Она проводит меня на кухню, такую же чистую и светлую, как спальня. С улицы по-прежнему доносятся рев реки, птичье пение и музы…
— Что это за музыка? — спрашиваю я, подходя к окну. Иногда мелодия кажется смутно знакомой, но стоит прислушаться, как голоса наслаиваются друг на друга, и разобрать уже ничего нельзя.
— Из динамиков в центре поселения, — отвечает Виола, доставая из холодильника тарелку с холодным мясом.
Я сажусь за стол:
— Праздник у них, что ли?
— Нет, — произносит Виола так, словно самое интересное впереди. — Не праздник. — Она достает хлеб, какие-то диковинные оранжевые фрукты и сладкий напиток красного цвета со вкусом ягод.
Я набрасываюсь на еду.
— Говори уже!
— Доктор Сноу очень славный, — сообщает Виола, как бутто я должен уяснить это первым делом. — Он хороший, добрый и много работал, чтобы тебя спасти. Это правда, Тодд.
— Понял. Дальше что?
— Музыка играет днем и ночью, — говорит Виола, глядя, как я ем. — Здесь, в доме, ее почти не слышно, но в центре деревни она грохочет так, что собственных мыслей не разберешь.
Я прекращаю жевать:
— Как в пабе.
— В каком еще пабе?
— Ну в нашем пабе, в Прент… — Я вовремя спохватываюсь. — Откуда мы родом?
— Из Фарбранча.
Я вздыхаю:
— Хорошо, постараюсь не думать об этом. — Откусываю оранжевый фрукт. — Чтобы заглушить Шум, в пабе моего города постоянно крутили музыку.
Виола кивает:
— Я спросила доктора Сноу, зачем они это делают, и он ответил так: «Чтобы мысли мужчин оставались при них».
Я пожимаю плечами:
— Грохот жуткий, но ведь помогает, согласись.
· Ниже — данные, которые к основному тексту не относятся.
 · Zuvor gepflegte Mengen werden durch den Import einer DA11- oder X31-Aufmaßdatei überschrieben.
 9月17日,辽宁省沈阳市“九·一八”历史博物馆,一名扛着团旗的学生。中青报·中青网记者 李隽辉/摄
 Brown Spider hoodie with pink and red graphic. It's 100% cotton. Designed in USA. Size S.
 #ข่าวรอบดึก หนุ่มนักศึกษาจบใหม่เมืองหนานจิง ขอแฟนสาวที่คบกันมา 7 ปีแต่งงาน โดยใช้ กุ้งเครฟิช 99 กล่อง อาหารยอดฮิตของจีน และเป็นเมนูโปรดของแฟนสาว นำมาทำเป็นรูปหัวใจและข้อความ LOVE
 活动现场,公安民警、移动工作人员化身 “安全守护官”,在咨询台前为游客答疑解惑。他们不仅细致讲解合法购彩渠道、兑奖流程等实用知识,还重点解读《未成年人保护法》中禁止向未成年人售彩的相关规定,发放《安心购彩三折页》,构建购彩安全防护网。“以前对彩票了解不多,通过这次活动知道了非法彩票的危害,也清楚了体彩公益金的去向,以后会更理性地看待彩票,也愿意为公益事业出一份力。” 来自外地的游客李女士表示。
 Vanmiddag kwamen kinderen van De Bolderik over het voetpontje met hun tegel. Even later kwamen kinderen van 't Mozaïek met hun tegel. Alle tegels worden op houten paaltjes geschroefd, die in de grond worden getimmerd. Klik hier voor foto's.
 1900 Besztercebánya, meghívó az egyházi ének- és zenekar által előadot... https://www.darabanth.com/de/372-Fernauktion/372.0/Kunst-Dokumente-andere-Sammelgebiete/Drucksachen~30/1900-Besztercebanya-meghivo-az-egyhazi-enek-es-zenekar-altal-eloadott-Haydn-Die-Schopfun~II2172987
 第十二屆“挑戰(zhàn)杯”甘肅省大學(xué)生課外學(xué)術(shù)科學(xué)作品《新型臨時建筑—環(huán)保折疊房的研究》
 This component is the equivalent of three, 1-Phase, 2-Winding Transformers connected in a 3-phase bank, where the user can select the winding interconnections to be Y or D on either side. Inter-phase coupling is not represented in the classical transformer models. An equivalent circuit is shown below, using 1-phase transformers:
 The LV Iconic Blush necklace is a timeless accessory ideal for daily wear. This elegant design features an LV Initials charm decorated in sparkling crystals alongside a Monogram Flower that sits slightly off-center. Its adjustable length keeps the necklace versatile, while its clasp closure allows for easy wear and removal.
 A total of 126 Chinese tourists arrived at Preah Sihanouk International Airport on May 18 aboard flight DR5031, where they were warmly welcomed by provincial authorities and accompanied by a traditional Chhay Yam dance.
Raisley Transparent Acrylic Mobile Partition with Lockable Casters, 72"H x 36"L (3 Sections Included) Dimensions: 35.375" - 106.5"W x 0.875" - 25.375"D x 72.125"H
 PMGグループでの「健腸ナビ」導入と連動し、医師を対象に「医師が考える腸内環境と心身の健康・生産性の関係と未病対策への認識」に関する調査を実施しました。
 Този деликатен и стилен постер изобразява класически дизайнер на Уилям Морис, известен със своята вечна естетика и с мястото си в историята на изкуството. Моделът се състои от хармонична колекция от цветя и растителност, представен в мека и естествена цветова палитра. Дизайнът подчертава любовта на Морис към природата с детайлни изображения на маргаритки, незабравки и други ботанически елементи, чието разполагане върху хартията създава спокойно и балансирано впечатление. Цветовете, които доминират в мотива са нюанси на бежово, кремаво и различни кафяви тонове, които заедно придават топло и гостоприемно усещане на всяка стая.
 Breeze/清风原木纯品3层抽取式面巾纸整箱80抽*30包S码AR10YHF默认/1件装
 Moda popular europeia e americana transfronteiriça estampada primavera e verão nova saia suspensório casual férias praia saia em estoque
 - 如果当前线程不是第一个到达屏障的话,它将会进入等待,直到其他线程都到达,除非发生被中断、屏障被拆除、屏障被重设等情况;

Чем не способ борьбы с Шумом?
— Мысли мужчин, Тодд, — говорит Виола. — Мужчин. И старейшины, которые придут за твоим советом, тоже все мужчины.
Меня посещает жуткая мысль.
— Неужели и здесь все женщины умерли?
— Да нет, женщины тут есть, — отвечает Виола, вертя в руках столовый нож. — Они готовят, убирают, рожают детей — и все живут в одном большом общежитии за городом, чтобы не мешать мужчинам.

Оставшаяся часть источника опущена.